◆ WHAT TO WORK ON ◆
What you give back should be exactly the lines from the one with "Imagem meramente ilustrativa" through the end of the data, without the pictures.

[Collection entries]
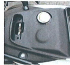
Påfyldning af benzin. Aflåst tank under sædet.
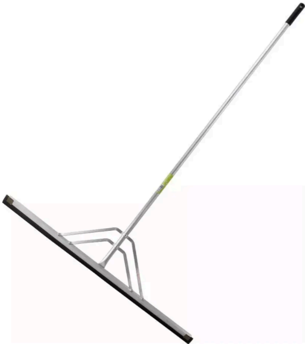
Imagem meramente ilustrativa do item 02 da Dispensa Eletrônica
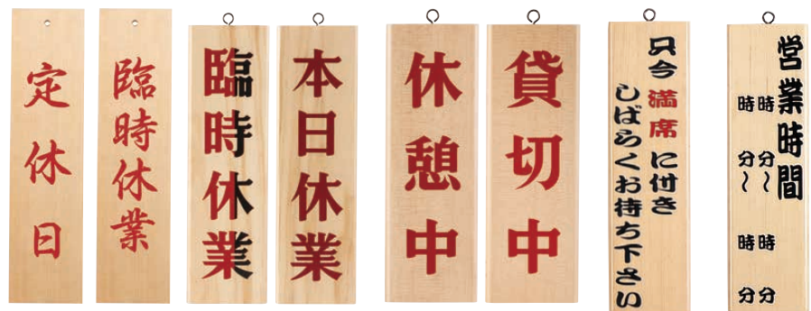
⑨ ⑩ ⑪ ⑫ ⑬ ⑨ 木理-130 定休日/臨時休業 <YHD-01> ⑥ 1-2563-0901 ¥3,100 100×400 ⑩ 木理-7 臨時休業/本日休業 <PPL-C9> ⑥ 1-2563-1001 ¥2,700 100×350 ⑪ 木理-8 休憩中/貸切中 <PPL-D0> ⑥ 1-2563-1101 ¥2,500 100×300 ⑨~⑪材質:木製 ⑫ 木理-9 (白木) 只今満席 (片面) <ZKV-41> ⑥ 1-2563-1201 ¥2,600 100×350 ⑬ 木理-10 (白木) 営業時間 (片面) <ZKV-44> ⑥ 1-2563-1301 ¥2,500 100×350
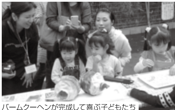
バームクーヘンが完成して喜ぶ子どもたち

親子で一緒に、竹の芯にホットケーキミックスでつくった生地をつけて、竹を回しながら焼くのを繰り返すと、バームクーヘンは少しずつ大きくなっていきました。出来上がったバームクーヘンを切ると、中はちゃんと年輪状になり、子どもたちは、できたてのバームクーヘンをほおぼりながら「おいしい」と喜んでいました。
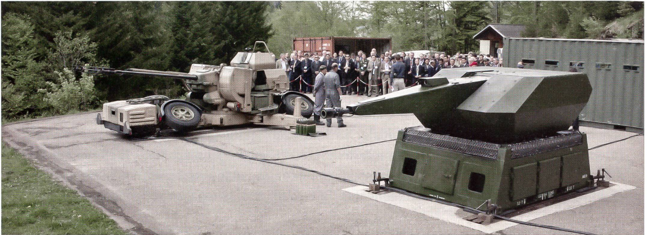
Die 35mm Fliegerabwehrkanone 63/90 neben dem modernen Oerlikon Skyshield-Turm.

ningsweltmeister zu sein. Jedes Jahr findet mit dem WEF ein scharfer Einsatz statt, in welchem Personal und Systeme auf ihre Einsatztauglichkeit überprüft werden. Dadurch wird schnell klar, dass nicht nur bei Kriegs- oder Befriedungseinsätzen, sondern bei der Durchführung jedes Grossanlasses die dritte Dimension beachtet und abgedeckt werden muss.
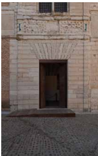
Rampa de acceso al vestíbulo del antiguo palacio mudéjar

Para descender a la sala principal, existen dos escalones que se salvan gracias a una rampa de 100 cm de ancho. Después, es necesario atravesar la sala principal para salir de la antigua zona de caballerizas. Tras un primer tramo horizontal, el suelo as-

◆ RESPONSE TO THIS EXERCISE ◆
Imagem meramente ilustrativa do item 02 da Dispensa Eletrônica
⑨ ⑩ ⑪ ⑫ ⑬ ⑨ 木理-130 定休日/臨時休業 <YHD-01> ⑥ 1-2563-0901 ¥3,100 100×400 ⑩ 木理-7 臨時休業/本日休業 <PPL-C9> ⑥ 1-2563-1001 ¥2,700 100×350 ⑪ 木理-8 休憩中/貸切中 <PPL-D0> ⑥ 1-2563-1101 ¥2,500 100×300 ⑨~⑪材質:木製 ⑫ 木理-9 (白木) 只今満席 (片面) <ZKV-41> ⑥ 1-2563-1201 ¥2,600 100×350 ⑬ 木理-10 (白木) 営業時間 (片面) <ZKV-44> ⑥ 1-2563-1301 ¥2,500 100×350
バームクーヘンが完成して喜ぶ子どもたち

親子で一緒に、竹の芯にホットケーキミックスでつくった生地をつけて、竹を回しながら焼くのを繰り返すと、バームクーヘンは少しずつ大きくなっていきました。出来上がったバームクーヘンを切ると、中はちゃんと年輪状になり、子どもたちは、できたてのバームクーヘンをほおぼりながら「おいしい」と喜んでいました。
Die 35mm Fliegerabwehrkanone 63/90 neben dem modernen Oerlikon Skyshield-Turm.

ningsweltmeister zu sein. Jedes Jahr findet mit dem WEF ein scharfer Einsatz statt, in welchem Personal und Systeme auf ihre Einsatztauglichkeit überprüft werden. Dadurch wird schnell klar, dass nicht nur bei Kriegs- oder Befriedungseinsätzen, sondern bei der Durchführung jedes Grossanlasses die dritte Dimension beachtet und abgedeckt werden muss.
Rampa de acceso al vestíbulo del antiguo palacio mudéjar

Para descender a la sala principal, existen dos escalones que se salvan gracias a una rampa de 100 cm de ancho. Después, es necesario atravesar la sala principal para salir de la antigua zona de caballerizas. Tras un primer tramo horizontal, el suelo as-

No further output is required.